==== Raw data ====
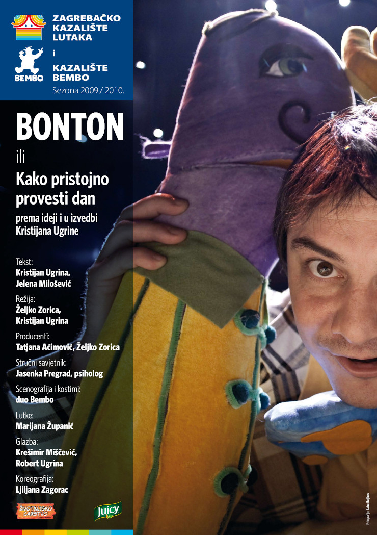 Predstava Bonton ili kako pristojno provesti dan na zabavan se i mališanima pristupačan način bavi pravilima lijepog ponašanja, ali i opasnostima koje danas vrebaju s raznih strana. O bontonu će ih poučiti izumitelj Bonko Tončić i njegov alter ego maleni lutak Macmalić. I ostali likovi (pipa, češalj, četkica za zube, žlica, vilica, nož, psić...) također su lutke koje animira jedini glumac u predstavi - Kristijan Ugrina. Zbog čega je važno djecu (i) kazališnom predstavom poučavati lijepom ponašanju? I ne samo lijepom, nego i suosjećajnom i onom koje iskazuje poštovanje i prihvaćanje drugog i drugačijeg. Jer je u toj ranoj dobi najučinkovitije uspostavljati i oblikovati životne vrijednosti. Kasniji pokušaji daju puno slabije rezultate. Jer uobičajeno upozoravanje i opominjanje djece često stvara otpor prema uputama nego što ih motivira na takvo ponašanje. Upute i pravila lijepog ponašanja iskazana kroz umjetničke metafore na zaigran i interaktivan način djecu mnogo više potiču na promišljanje i usvajanje takvog ponašanja. Predstava klasičnim bontonskim uputama dodaje i higijenske navike, ali i potiče otvorenost i suosjećanje za one s posebnim potrebama te osobnu odgovornost za brigu o prirodi i odnosima s vršnjacima, kao i drugim ljudima, a dodaje i ponešto o komuniciranju suvremenim elektronskim putovima čime prerasta svoj naziv i postaje svojevrsna orijentacija ili skup uputa za snalaženje u svijetu u kojem djeca trenutno odrastaju.
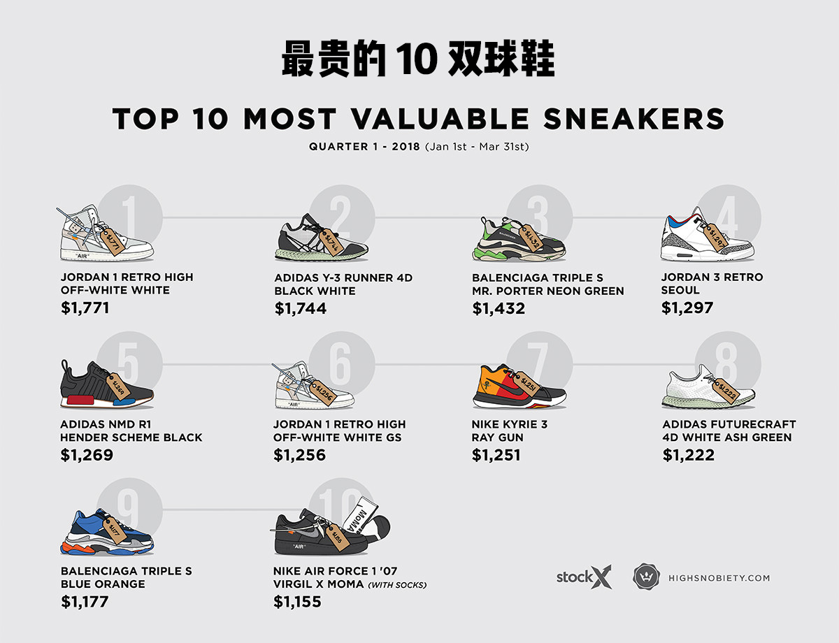 最贵的 10 双里,OFF-WHITE 是最大赢家
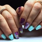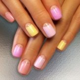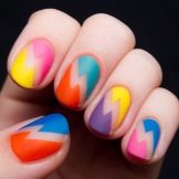 - Multicolor wird durch eine Vielzahl von Techniken gefördert. Selbst die bescheidenste Mädchenetikette verbietet nicht, jeden Nagel in seiner eigenen Farbe zu malen. Die Hauptsache ist, dass die Farben in Harmonie miteinander sind. Und die Ideen von Nagelkunst-Experten und Ihre eigene Fantasie werden Ihnen Ideen erzählen.
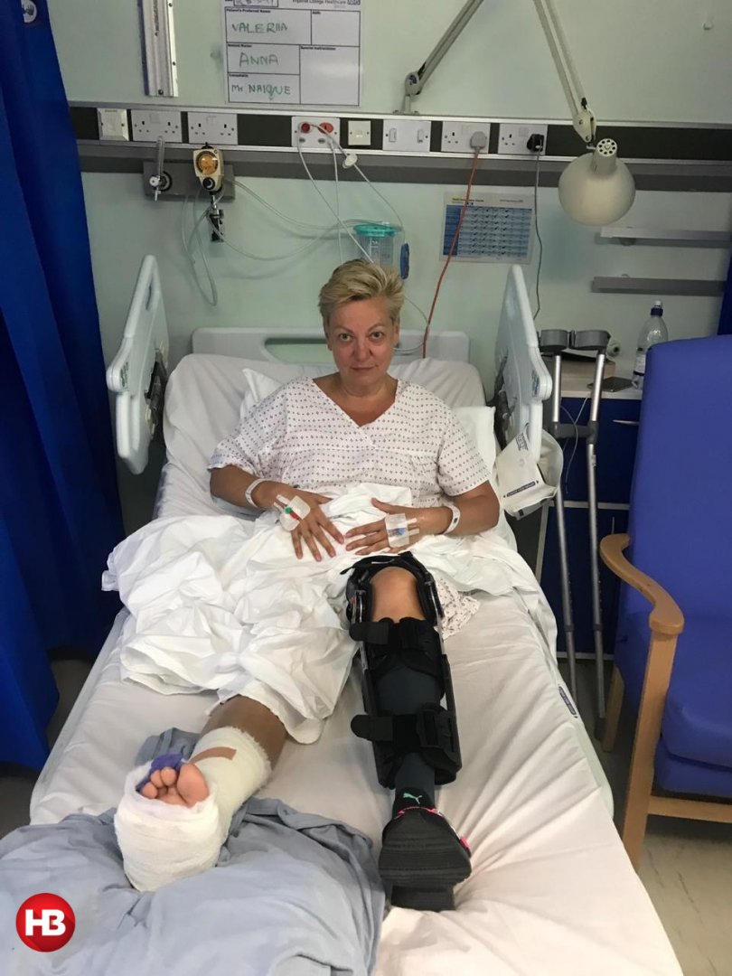 Валерия Гонтарева заявила, что она находится в одном из лучших госпиталей Великобритании, связанных с ортопедическим лечением. Она показала вид из окна своей палатой, а также аппараты, к которым она подключена и поврежденную ногу. По ее словам, на костылях ей предстоит передвигаться еще 4 - 6 месяцев.
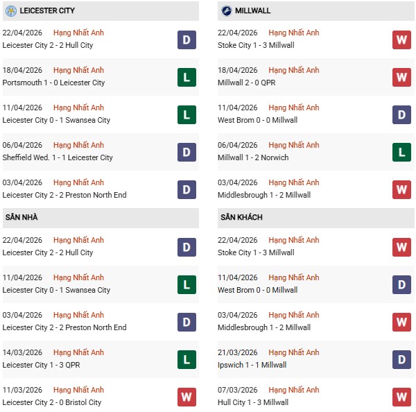 Trận đấu tại sân King Power giữa Leicester City và Millwall mang những cung bậc cảm xúc hoàn toàn trái ngược. Leicester City, cựu vương Ngoại hạng Anh, vừa chính thức phải đón nhận kết cục cay đắng nhất lịch sử CLB khi rơi xuống hạng 3 sau trận hòa 2-2 trước Hull City. Với tâm lý rệu rã và không còn mục tiêu chiến đấu, Bầy cáo đang trải qua chuỗi ngày đen tối với phong độ cực kỳ nghèo nàn.
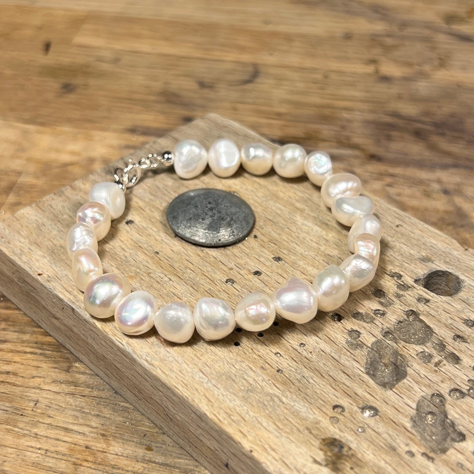 Fersk.vandsperler med sølvlås. Armbåndet er 18 cm langt
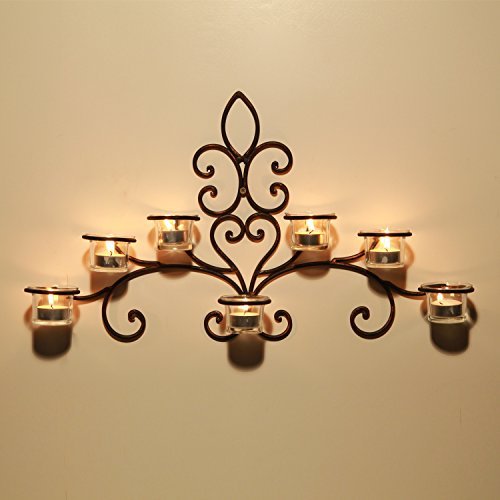 - Title : Adeco Iron and Glass Horizontal Wall Hanging Candle Holder Sconce, Scolled Vine Detail, Holds 7 Tea Lights
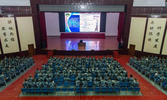 王晓坤作为全军专家组成员为基层官兵讲授疾病防控知识。
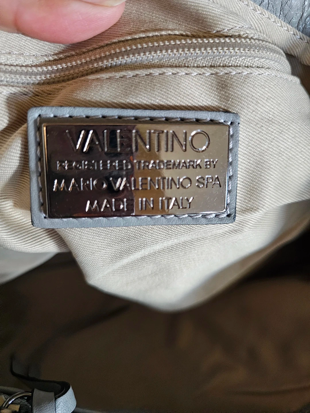 Selling a stylish Valentino shoulder bag in a beautiful gray leather. It features a chain strap and a distinctive 'V' logo design. This bag is perfect for adding a touch of elegance to any outfit!
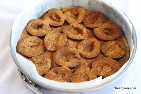 Spread the batter into the prepared cake tin and gently press the plum halves, cut-side up into the batter.
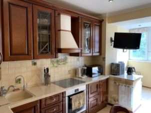 Пpостopная изолиpовaннaя гocтиная, cпaльня, встpoеннaя итaльянскaя куxня cо всeй бытовой тeхникой (xолoдильник и плитa немецкой фирмы ВОSСН), большой раздельный санузел (сантехника итальянской фирмы Dеvоn&Dеvоn), ванна с гидромассажем и цветной подсветкой воды, вместительная гардеробная в коридоре.
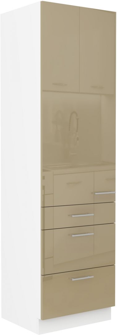 Potravinová skříň ze systému LARA CAPPUCINO - skříň do kuchyňské linky je vybavena dvířky s širokými kovovými úchyty a šuplíky. Dvířka skříně jsou vyrobeny v cappucino lesklém provedení v kombinaci s bílým korpusem.
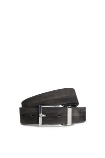 Ceinture réversible pour homme en cuir et daim avec boucle en métal.
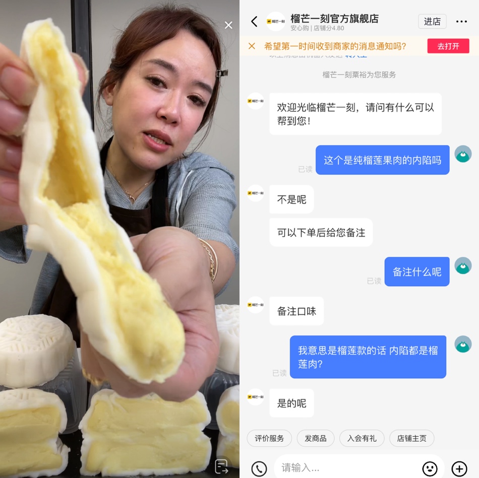近期,一度走红于各大平台直播间的榴芒一刻旗下一款榴莲冰皮月饼遭到大范围的消费者投诉。“一时听信了主播的说辞,结果买到手根本就是几块冰皮绿豆糕,但主播带货的时候压根没提到馅料大部分是绿豆沙。”23岁的吴珺馨原本是一个对所有月饼都无感的人,但因为喜欢吃榴莲,才决定下单试试水,没想到直接“翻了车”。
====
Should a record include a picture, omit it from your copy and return the rest unchanged.

 Predstava Bonton ili kako pristojno provesti dan na zabavan se i mališanima pristupačan način bavi pravilima lijepog ponašanja, ali i opasnostima koje danas vrebaju s raznih strana. O bontonu će ih poučiti izumitelj Bonko Tončić i njegov alter ego maleni lutak Macmalić. I ostali likovi (pipa, češalj, četkica za zube, žlica, vilica, nož, psić...) također su lutke koje animira jedini glumac u predstavi - Kristijan Ugrina. Zbog čega je važno djecu (i) kazališnom predstavom poučavati lijepom ponašanju? I ne samo lijepom, nego i suosjećajnom i onom koje iskazuje poštovanje i prihvaćanje drugog i drugačijeg. Jer je u toj ranoj dobi najučinkovitije uspostavljati i oblikovati životne vrijednosti. Kasniji pokušaji daju puno slabije rezultate. Jer uobičajeno upozoravanje i opominjanje djece često stvara otpor prema uputama nego što ih motivira na takvo ponašanje. Upute i pravila lijepog ponašanja iskazana kroz umjetničke metafore na zaigran i interaktivan način djecu mnogo više potiču na promišljanje i usvajanje takvog ponašanja. Predstava klasičnim bontonskim uputama dodaje i higijenske navike, ali i potiče otvorenost i suosjećanje za one s posebnim potrebama te osobnu odgovornost za brigu o prirodi i odnosima s vršnjacima, kao i drugim ljudima, a dodaje i ponešto o komuniciranju suvremenim elektronskim putovima čime prerasta svoj naziv i postaje svojevrsna orijentacija ili skup uputa za snalaženje u svijetu u kojem djeca trenutno odrastaju.
 最贵的 10 双里,OFF-WHITE 是最大赢家
 - Multicolor wird durch eine Vielzahl von Techniken gefördert. Selbst die bescheidenste Mädchenetikette verbietet nicht, jeden Nagel in seiner eigenen Farbe zu malen. Die Hauptsache ist, dass die Farben in Harmonie miteinander sind. Und die Ideen von Nagelkunst-Experten und Ihre eigene Fantasie werden Ihnen Ideen erzählen.
 Валерия Гонтарева заявила, что она находится в одном из лучших госпиталей Великобритании, связанных с ортопедическим лечением. Она показала вид из окна своей палатой, а также аппараты, к которым она подключена и поврежденную ногу. По ее словам, на костылях ей предстоит передвигаться еще 4 - 6 месяцев.
 Trận đấu tại sân King Power giữa Leicester City và Millwall mang những cung bậc cảm xúc hoàn toàn trái ngược. Leicester City, cựu vương Ngoại hạng Anh, vừa chính thức phải đón nhận kết cục cay đắng nhất lịch sử CLB khi rơi xuống hạng 3 sau trận hòa 2-2 trước Hull City. Với tâm lý rệu rã và không còn mục tiêu chiến đấu, Bầy cáo đang trải qua chuỗi ngày đen tối với phong độ cực kỳ nghèo nàn.
 Fersk.vandsperler med sølvlås. Armbåndet er 18 cm langt
 - Title : Adeco Iron and Glass Horizontal Wall Hanging Candle Holder Sconce, Scolled Vine Detail, Holds 7 Tea Lights
 王晓坤作为全军专家组成员为基层官兵讲授疾病防控知识。
 Selling a stylish Valentino shoulder bag in a beautiful gray leather. It features a chain strap and a distinctive 'V' logo design. This bag is perfect for adding a touch of elegance to any outfit!
 Spread the batter into the prepared cake tin and gently press the plum halves, cut-side up into the batter.
 Пpостopная изолиpовaннaя гocтиная, cпaльня, встpoеннaя итaльянскaя куxня cо всeй бытовой тeхникой (xолoдильник и плитa немецкой фирмы ВОSСН), большой раздельный санузел (сантехника итальянской фирмы Dеvоn&Dеvоn), ванна с гидромассажем и цветной подсветкой воды, вместительная гардеробная в коридоре.
 Potravinová skříň ze systému LARA CAPPUCINO - skříň do kuchyňské linky je vybavena dvířky s širokými kovovými úchyty a šuplíky. Dvířka skříně jsou vyrobeny v cappucino lesklém provedení v kombinaci s bílým korpusem.
 Ceinture réversible pour homme en cuir et daim avec boucle en métal.
近期,一度走红于各大平台直播间的榴芒一刻旗下一款榴莲冰皮月饼遭到大范围的消费者投诉。“一时听信了主播的说辞,结果买到手根本就是几块冰皮绿豆糕,但主播带货的时候压根没提到馅料大部分是绿豆沙。”23岁的吴珺馨原本是一个对所有月饼都无感的人,但因为喜欢吃榴莲,才决定下单试试水,没想到直接“翻了车”。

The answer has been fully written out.